Classification Based on Sequence Features

For cellulases with well-characterized enzymatic properties, a classification scheme could be created that captures the reactivities described above. However, there are a large number of cellulase sequences that have been identified from DNA sequencing that have not been characterized biochemically. To include these new sequences in a classification scheme, and to represent the evolutionary relationships that connect them, a system has been developed [26] and refined [27, 28] that groups like sequences together. This information is available in a searchable database (CAZy, for carbohydrate-active enzyme database; http://www. cazy. org/) that includes structural, functional, and phylogenetic information [7]. At the time of this writing, CAZy currently subdivides the glycohydrolase sequences (EC 3.2.1.x) into 122 distinct sequence families, designated GH1-GH122 (and 956 additional nonclassified sequences).

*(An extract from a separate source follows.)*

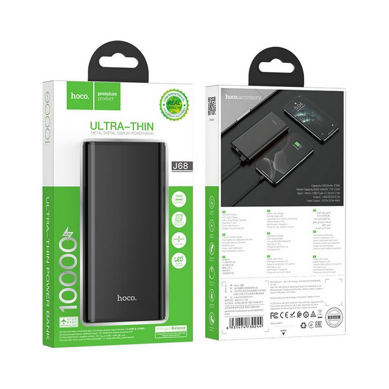Power bank Hoco J68 - стильний та необхідний аксесуар для активних користувачів електронних пристроїв. Зовнішній акумулятор продовжить автономну роботу вашого смартфона, планшета або смарт-годинника. Power bank оснащений роз'ємом USB та LED дисплеєм, на якому відображається інформація про рівень заряду акумулятора. Корпус із алюмінієвого сплаву захистить пристрій від механічних пошкоджень.
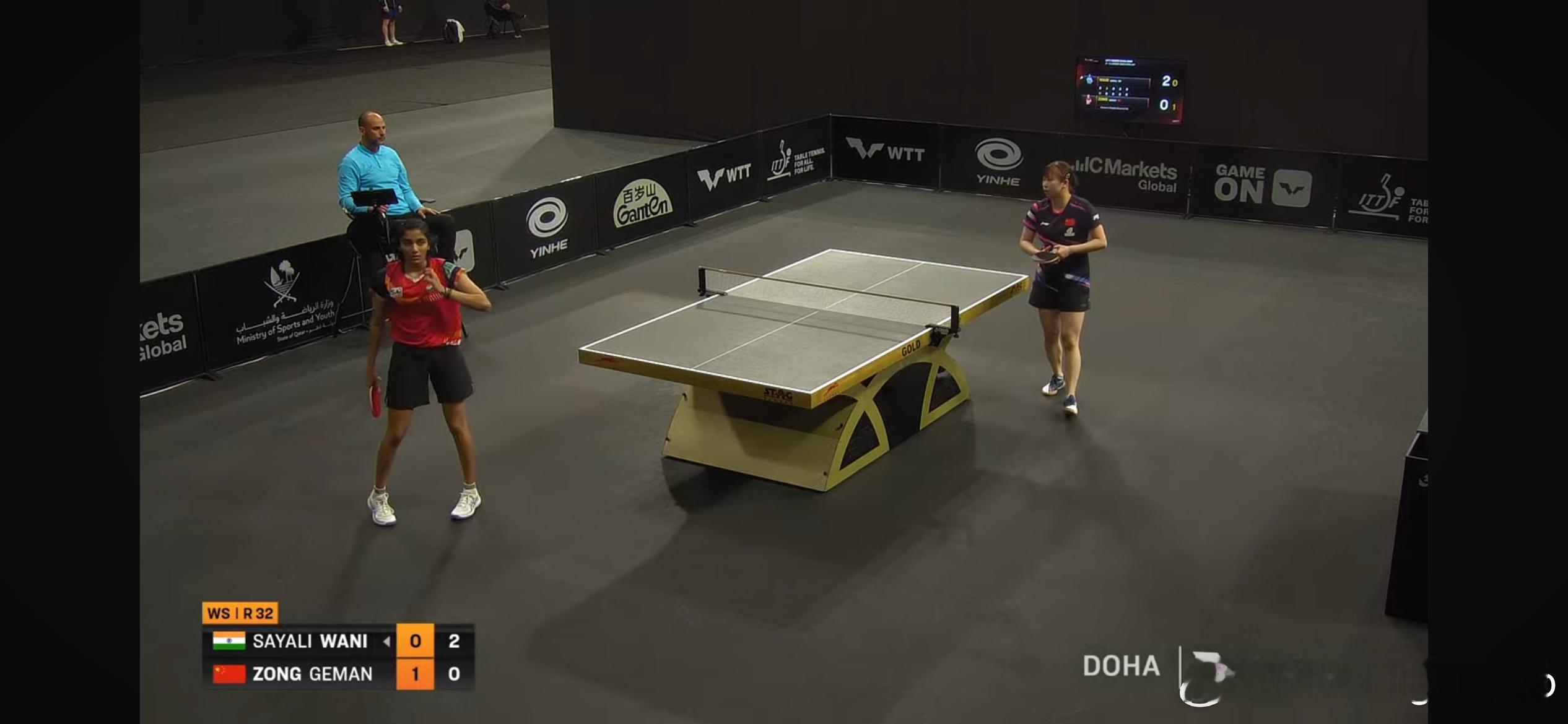 WTT支线赛多哈站2026 女单1/16决赛:🇨🇳纵歌曼2比3萨亚利·瓦尼🇮🇳(11-8,11-13,8-11,12-10,8-11)

The GH families that are tagged with relevant EC numbers for cellulose degrada­tion (EC 3.2.1.4, EC 3.2.1.21, and EC 3.2.1.91) are shown in Table 1. Although there are 21 families that contain one or more members from one of these three EC groups, the bulk of the cellulases are in GH families 5, 6, 7, 8, 9, 12, and 44, 45. GH families 5, 8, 9, 12, 44, and 45 are largely composed of endocellulases (at the exclu­sion of exocellulases), whereas GH families 6 and 7 include both endocellulases and exocellulases (Table 1); exocellulases in GH-6 act on the nonreducing end, whereas exocellulases in GH-7 act on the reducing end. There do not appear to be GH families composed exclusively of exocellulases. Nearly all b-glucosidases are in GH families 1 and 3.